The article said promoting saree is an effort to align ‘party’s broader political program: to project multi-faith India, a country of more than 1.3 billion, as a Hindu nation.’ Amongst other claims, the author links journalist Gauri Lankesh’s murder and says that those who disagree with Prime Minister Modi are “branded as “anti-national,” some shot and killed by Hindu nationalist activists.”

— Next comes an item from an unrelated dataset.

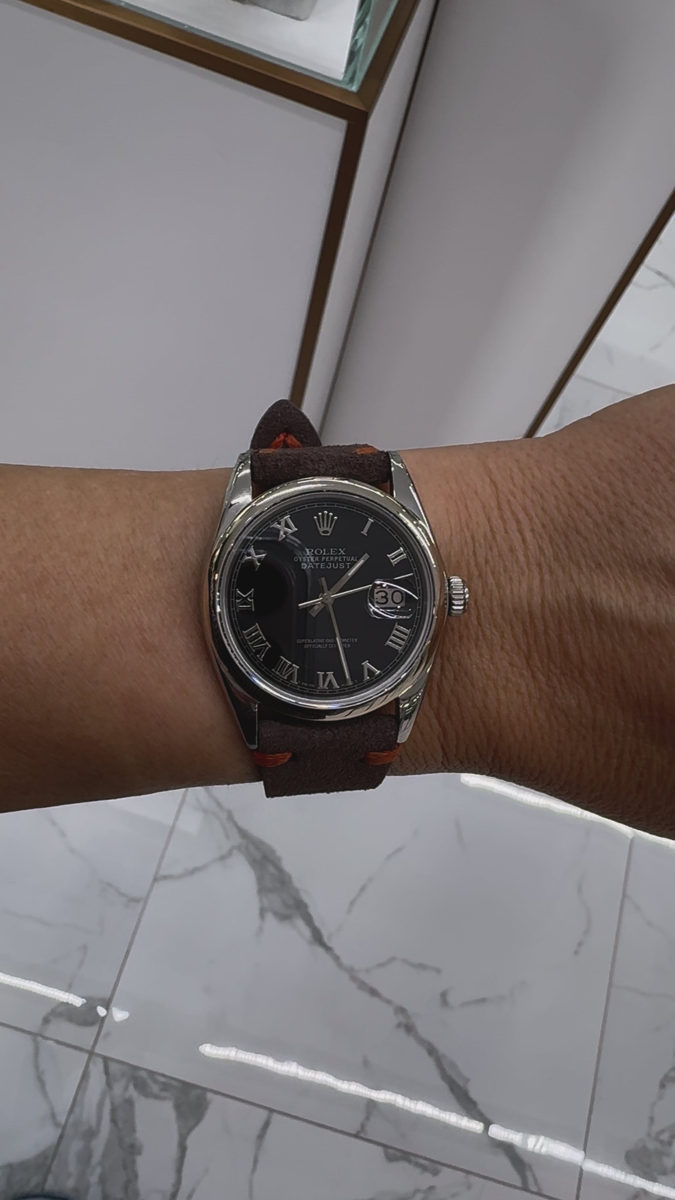 1978 Rolex Datejust 36MM 16030 Black Roman Leather Strap Stainless Steel Watch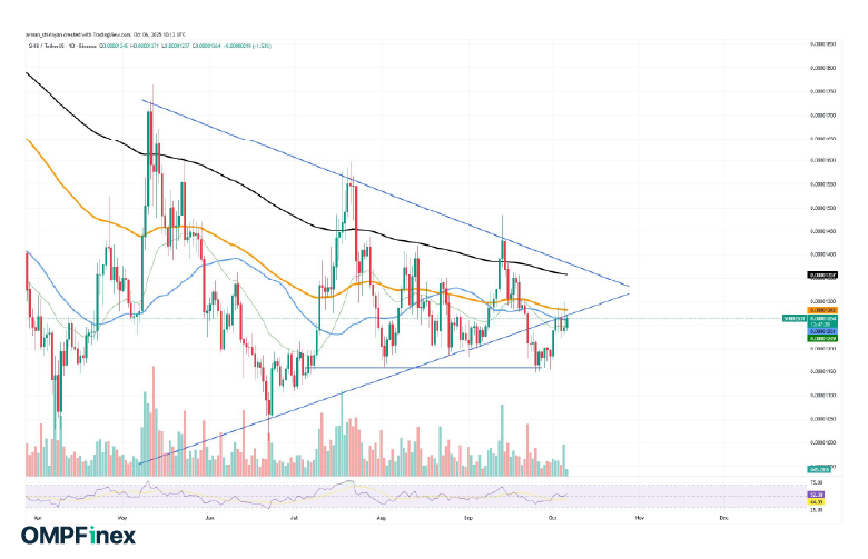 علاوه بر این، شاخص قدرت نسبی (RSI) ارز دیجیتال SHIB در منطقه خنثی (حدود ۵۴) قرار دارد که نشان میدهد در صورت افزایش فشار خرید، فضای کافی برای رشد وجود خواهد داشت. همچنین، پس از هفتهها رکود، حجم معاملات نیز بهبود یافته که میتواند نشانهای از انباشت تدریجی باشد.

There were multiple things wrong with the article, like how there is no conclusive evidence on who killed Gauri Lankesh, but for now, let us focus on the saree as a symbol of Hindu nationalism. It is the same publication that claims that regressive hijab gives women self-confidence, but saree is a tool to increase ‘Hindu nationalism’. NYT also ignored that Saree is worn by women in Bangladesh also, a Muslim majority country.
The attempt to cast promoting saree as a nationalist agenda is a preposterous assertion made by the New York Times. It seems like hateful propaganda wherein every symbol of Indic traditions, or anything that is viewed as remotely Hindu is being vilified. Perhaps their idea to malign a leader who doesn’t fit in the grand leftist world order is to malign a majority population, however ridiculous that might sound. What they fail to perhaps understand, is that Hindus and Hindu traditions have survived far worse than such pontificating media. It has and it will.
These are but a few instances when New York Times had brazenly indulged in publishing anti-Modi and anti-Hindu propaganda. This list is, by no means, an exhaustive repository of instances when the New York Times has propagated Hinduphobic content and its hatred for PM Modi. There are countless other articles where New York Times has peddled its prejudicial view about India’s current prime minister.